Prime Minister of Una-Sana Canton
- Incumbent
- Assumed office 23 September 2025
- Preceded by: Nijaz Hušić
- In office 17 October 2018 – 5 December 2023
- Preceded by: Husein Rošić
- Succeeded by: Nijaz Hušić

Personal details
- Born: 25 May 1980 (age 46) Cazin, SR Bosnia and Herzegovina, SFR Yugoslavia
- Party: People's European Union (2021–present)
- Other political affiliations: Party of Democratic Activity (until 2021)
- Education: University of Sarajevo; University of Banja Luka;

= Mustafa Ružnić =

Bosnian politician (born 1980)

Mustafa Ružnić (born 25 May 1980) is a Bosnian politician who serve as Prime Minister of Una-Sana Canton from 2025, and from 2018 to 2023. He is a member of the People's European Union.

==Early life and education==
Ružnić studied in Cazin, then graduated in criminology at the University of Sarajevo. In 2016, he obtained a master's degree at the University of Banja Luka. He worked at the Una-Sana Canton employment agency.

==Political career==
Right after the 2018 general election, on 17 October 2018, the outgoing cantonal assembly removed the government of Husein Rošić (SDA), and Ružnić was appointed prime minister of the canton for a governing coalition which included A-SDA, SDP BiH, DF, NB and DNZ.

In June 2020, Ružnić's adviser Mirsad Topčagić was arrested by the State Investigation and Protection Agency (SIPA). In March 2021, Ružnić was criticised for receiving MPs from the far-right AfD party, which had just been put under surveillance by the German secret services.

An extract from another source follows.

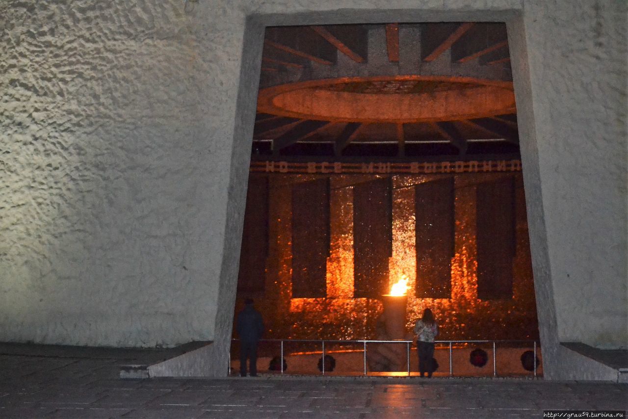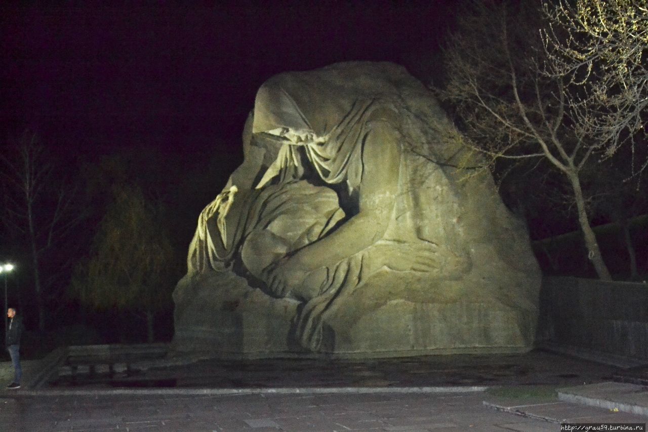Ночное неяркое освещение добавляет загадочности.Если будет возможность побывать на Мамаевом кургане ночью — обязательно ей воспользуйтесь.

Ružnić was succeeded as prime minister by Nijaz Hušić on 5 December 2023, following the removal of Ružnić's government by the SDA. In September 2025, he was once again appointed as prime minister and succeeded on 11 August 2026 by Ibrahim Dizdarić from POMAK. On August 25, 2026, Mustafa Ružnić returned to the position of Prime Minister of Una-Sana Canton (USK) after the Constitutional Court of the Federation of Bosnia and Herzegovina annulled the appointment of the USK Government headed by Ibrahim Dizdarić of POMAK, following a ruling that the appointment had violated the vital national interest of the Serb constituent people.